Masking

The Masking node is used to encrypt a value so that it can't be seen. Masking is an important part of the data flow pipeline for many organizations. Sometimes, due to things like government regulations or privacy concerns, it's necessary to hide protected data in test environments, so that this data is not seen by non-production users like developers, partners, customers, etc. Examples of data that often need to be hidden include names, phone numbers, addresses, credit card details, insurance details, and more.

Pyramid employs deterministic data masking, meaning that if the same value is masked from different columns or tables, it will always be replaced by the same mask value.

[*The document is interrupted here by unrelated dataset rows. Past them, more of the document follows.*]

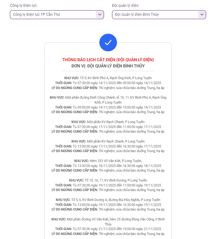 Công ty Điện lực thành phố Cần Thơ thông báo lịch cắt điện ngày 19/11/2025 tại các xã, phường trên địa bàn thành phố Cần Thơ trên website của Tổng Công ty Điện lực miền Nam như sau.
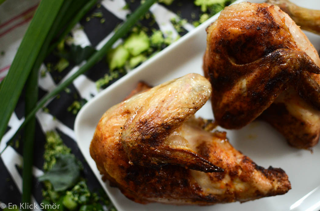 När jag tillagar kycklig brukar jag ofta dela den redan innan tillagning. Det är ingen expertstycking, jag delar den i fyra delar, kryddar och saltar ordentligt på skinnet så att det ska bli krispigt. Det går också snabbare att laga.
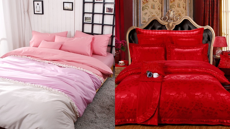 สีชมพูอ่อน , สีแดง ช่วยเสริมในเรื่องของความรักมากที่สุด หากผ้าปูที่นอนเป็นสีอื่น ก็ให้เลือกใช้หมอนสีแดงตั้งไว้ที่เตียง เพื่อเพิ่มความอบอุ่น สมบูรณ์แบบ หรือโคมไฟเล็กๆ สีแดง หรือสิ่งของอะไรก็ได้ที่เป็นสีแดงเอาวางไว้ตามมุมใดมุมหนึ่งของห้อง จะทำให้รู้สึกถึงพลังงานความรัก เพราะสีแดงสื่อถึงหัวใจ เป็นสีที่เซ็กซี่ หรือสีเลือดนกก็ได้
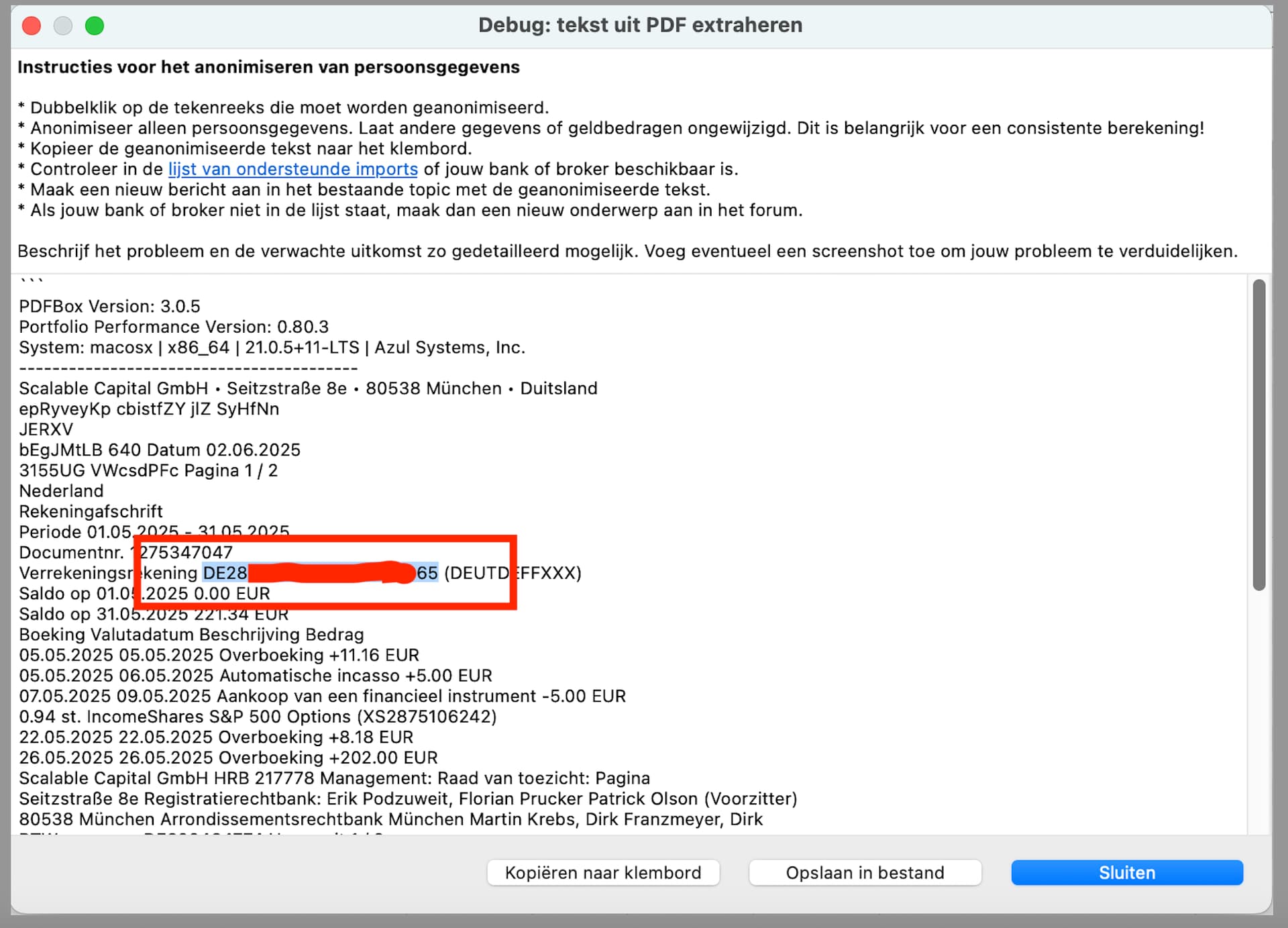 I use Scalable Capital from the Netherlands and use Dutch as language. However, PP will not accept the Dutch version of the monthly statement. So I wanted to request for a feature to make it possible to support the Dutch version of the documents of the new Scalable Capital Bank. When I wanted to upload my Monthly statement in Dutch, and was trying to scramble the private items, I found that it was not possible to scramble the actual IBAN number of my ‘Verrekeningsrekening’ (‘Settlement account’ or ‘Verrechnungskonto’). I can scramble the word ‘Verrekeningsrekening’ and the BIC number.
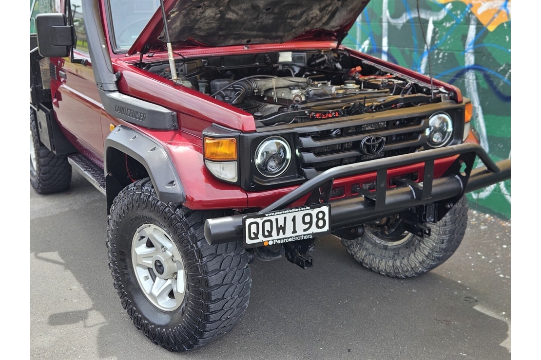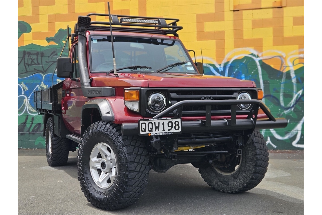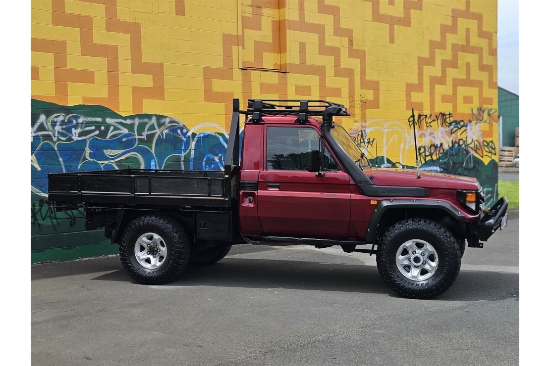 Finished in classic red, this two-door Land Cruiser is fitted for serious use with a steel flat deck with folding sides, front bull bar, snorkel, and LED light ... Read more
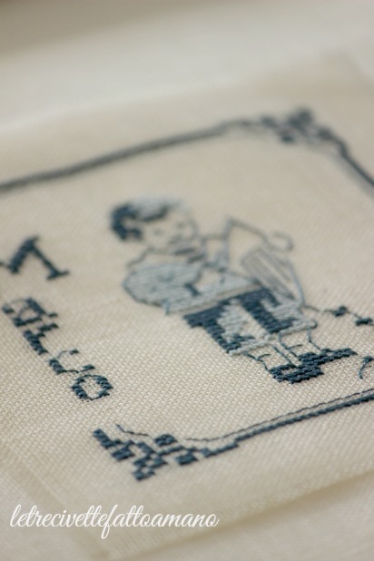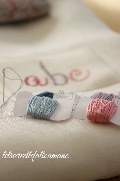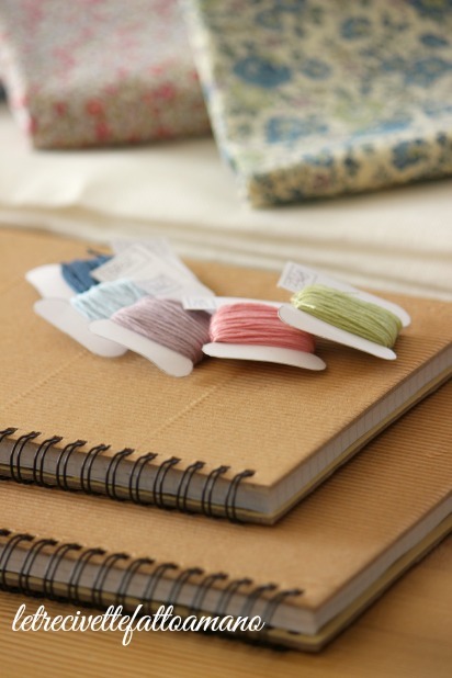 L'idea nasce dopo aver acquistato,per pochi euro al supermercato,dei quaderni; per il ricamo ho scelto della tela in lino,successivamente posizionata sulla copertina con della colla per tessuto.
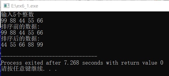 // 示例: 使用选择法排序对一组整数由小到大排序 #include <stdio.h> const int N=5; void selectSort(int [], int); // 函数声明(函数声明中可以省略变量名、数组名,但是数组名后面的[]不是能少) void input(int [], int); void output(int [], int); int main() { int a[N]; printf("输入%d个整数\n", N); input(a, N); printf("排序前的数据:\n"); output(a,N); selectSort(a,N); // 调用selectSort()对数组a中的N个元素排序 printf("排序后的数据:\n"); output(a, N); return 0; } // 函数定义 // 函数功能描述:输入n个整数到数组a中 void input(int a[], int n) { int i; for(i=0; i<n; i++) scanf("%d", &a[i]); } // 函数定义 // 函数功能描述:输出数组a中的n个整数 void output(int a[], int n) { int i; for(i=0; i<n; i++) printf("%d ", a[i]); printf("\n"); } // 函数定义 // 函数功能描述:使用选择法对数组a中的n个整数由小到大排序 void selectSort(int a[], int n) { int i, j, k, temp; for(i=0; i<n-1; i++) { k = i; // k用于记录当前最小元素的下标 for(j=i+1; j<n; j++) if (a[j] < a[k]) k = j; // 如果a[j]比当前最小元素还要小,就更新k,确保它总是存放最小元素的下标 if(k != i) { // 找到最小元素后,交换a[i]和a[k] temp = a[i]; a[i] = a[k]; a[k] = temp; } } }
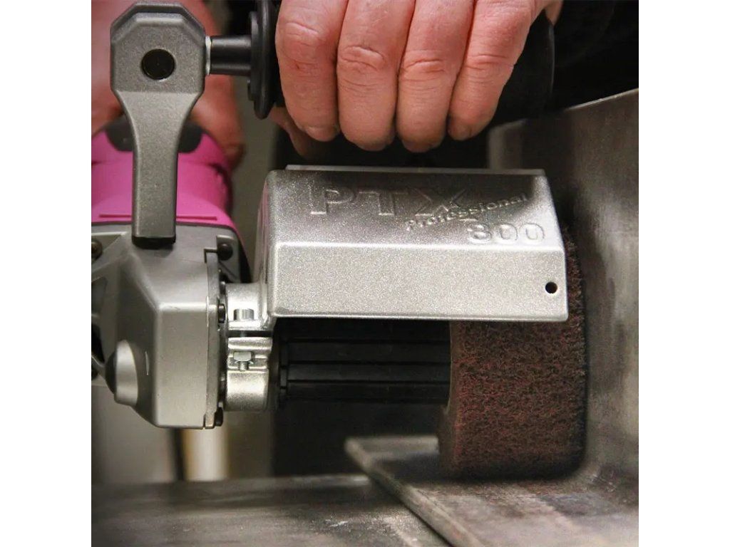 Erzeugt einen schattenfreien Industrieschliff (Mattieren, Satinieren). Auch zum Vorpolieren, Entfernen von Oxidschichten sowie zum Angleichen „vorgeschliffener“ Bleche und Glätten von Oberflächen.
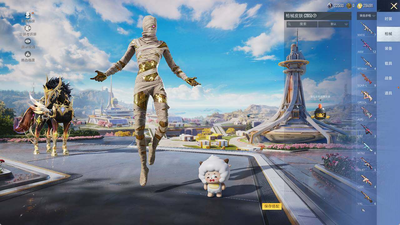 AKM-炫紫旋律,SCAR-L-童趣迷兔,SCAR-L-青春物语,M416-心之恋语,M416-墨龙九天,GROZA-焦糖拿铁,AUG-超新星,UMP45-相思残雪,Vector-灵感创作师,P90-能量风暴,Kar98K-巳巳如意,M24-镜域双华,DP-28-圣堂之誓,MG3-梦幻舞会
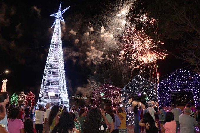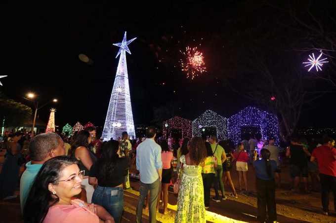 A Prefeitura de Vitória da Conquista inaugurou oficialmente, neste domingo (10), a ornamentação natalina do Parque Ambiental da Lagoa das Bateias. Ao entardecer, após uma rápida contagem regressiva, a prefeita Sheila Lemos acionou o controle remoto e as luzes foram finalmente acesas, sob o som dos fogos de artifício instalados num barco, bem no centro do espelho d’água.
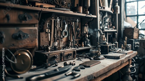 workshop, vintage, tool, machinery, rustic, antique, nostalgic, industrial, old, wood, metal, workspace, detail, traditional, retro, craft, mechanic, decor, texture, closeup
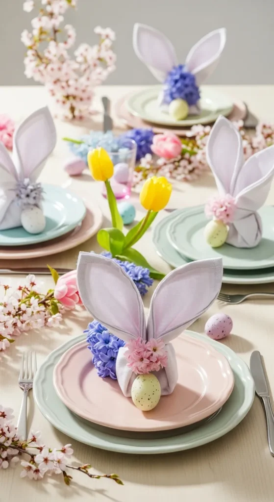 Elevate your table setting with creative napkin folds shaped like bunny ears. Use pastel-colored napkins and fold them carefully to stand upright on each plate. Pair with matching dinnerware and subtle floral accents. This small but impactful detail adds playfulness and sophistication, making each guest feel special.
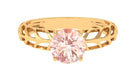 8 MM Round Cut Morganite Solitaire Ring with Gold Filigree Details
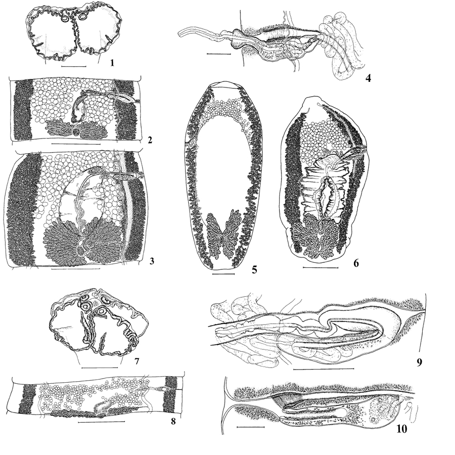 section through terminal genital ducts in mature proglottis. Scale-bars: 7, 1 mm; 8, 300 μm; 9, 150 μm; 10, 100 μm. |
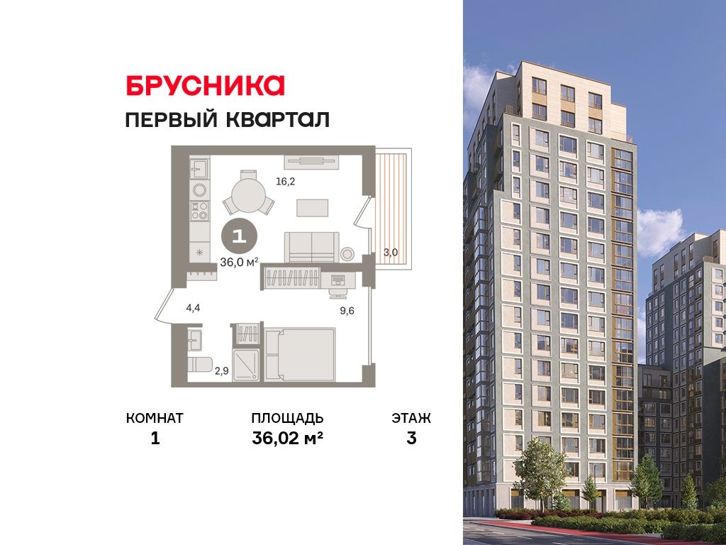 Квартира с кухней-гостиной и одной спальней в "Первом квартале". Особенности планировки: балкон, вид во двор, предчистовая отделка.
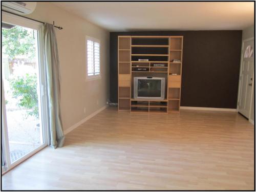 Living room just off the kitchen & dining area has sliding glass door to the backyard & Eco-friendly Mitsubishsi ductless air conditioner & heater w/controller. (There is one in the living room & hallway) Learn more about the ductless heating & cooling system here
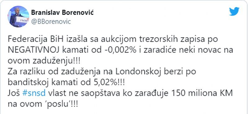 "Federacija BiH izašla sa aukcijom trezorskih zapisa po NEGATIVNOJ kamati od -0,002% i zaradiće neki novac na ovom zaduženju!!! Za razliku od zaduženja na Londonskoj berzi po banditskoj kamati od 5,02%!!! Još #snsd vlast ne saopštava ko zarađuje 150 miliona KM na ovom ‘poslu’!!!", napisao je Borenović na Twitteru.
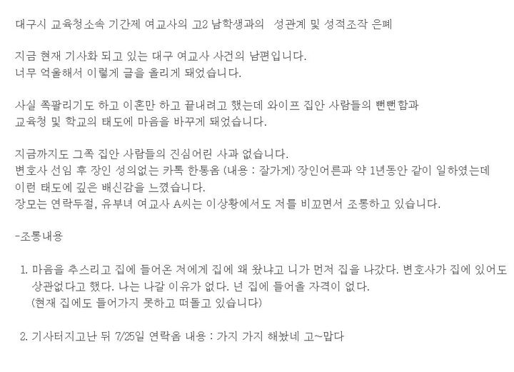 논란이 거세지자 지난 25일 온라인 커뮤니티에는 '대구 여교사 성관계 및 성적 조작 은폐 남편입니다'라는 글이 올라왔다.
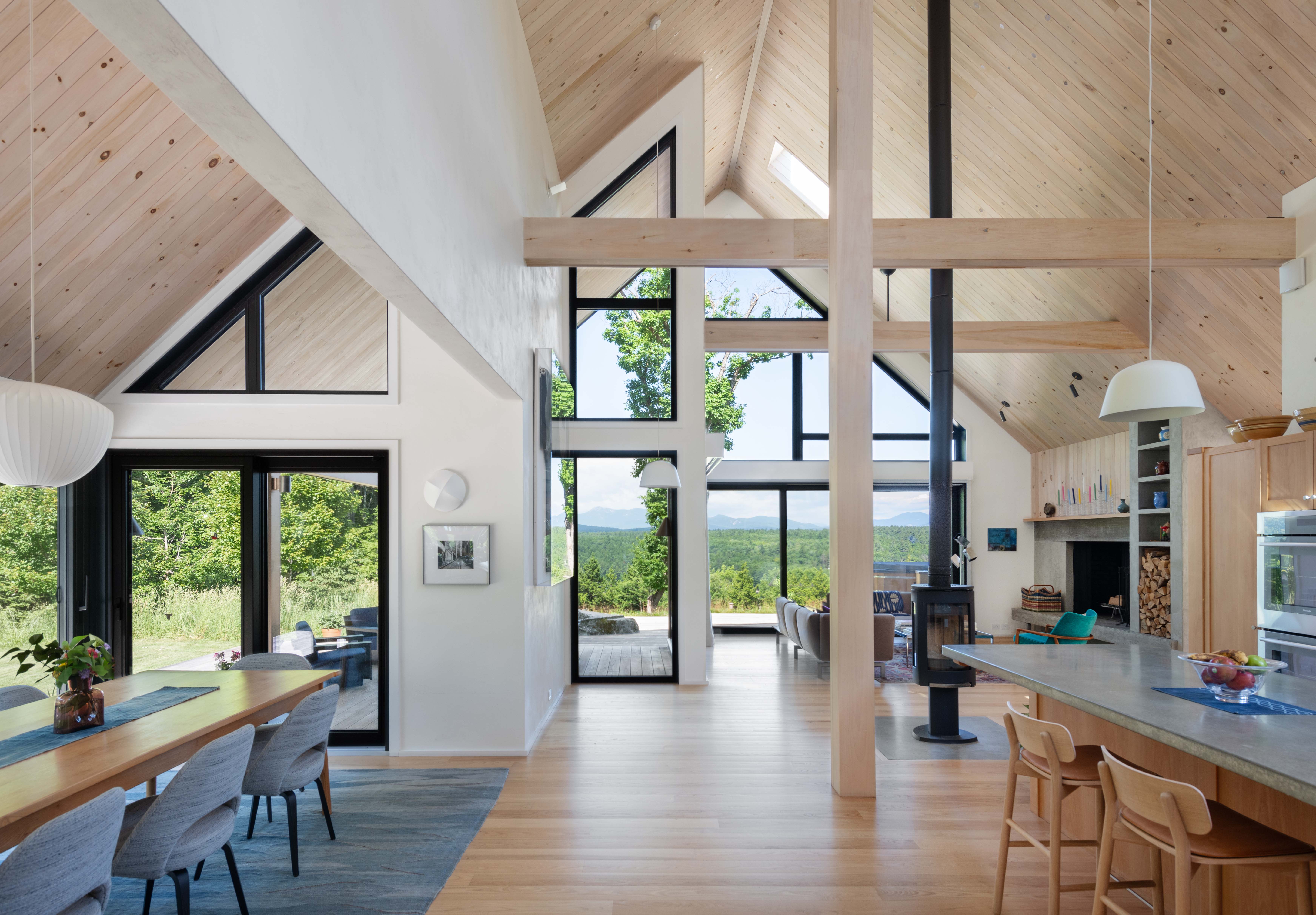 This active family, deeply engaged with the outdoors, envisioned a forever home in the mountains of New Hampshire that could evolve with their lives and anticipate every stage - children leaving for college, aging parents requiring care, the flexibility for remote work, extended family and friends gathering for holidays or long visits. Equally important was creating a house rooted in its local context and intrinsically connected to the surrounding landscape.

This means that the masked values can still be analyzed logically, even if the actual value isn't seen. For instance, say you have two columns listing staff names in 2 different tables, called 'Staff' and 'Managers'. Some employees are listed in both these tables; one such employee is 'Jane Smith'. In both tables, Jane Smith is masked as '12345abcde', meaning this employee can be analyzed logically from both tables.

To perform data masking, configure the Masking node on the relevant table; for all masked columns, the original string will be replaced by a random string of letters and numbers.

How to Configure a Masking Node

Connect the Masking node to the Select node representing the relevant table. Go to the Properties panel and from the Masking Node window select the relevant columns form the drop-down list. Each row in the given column(s) will be replaced by a random string.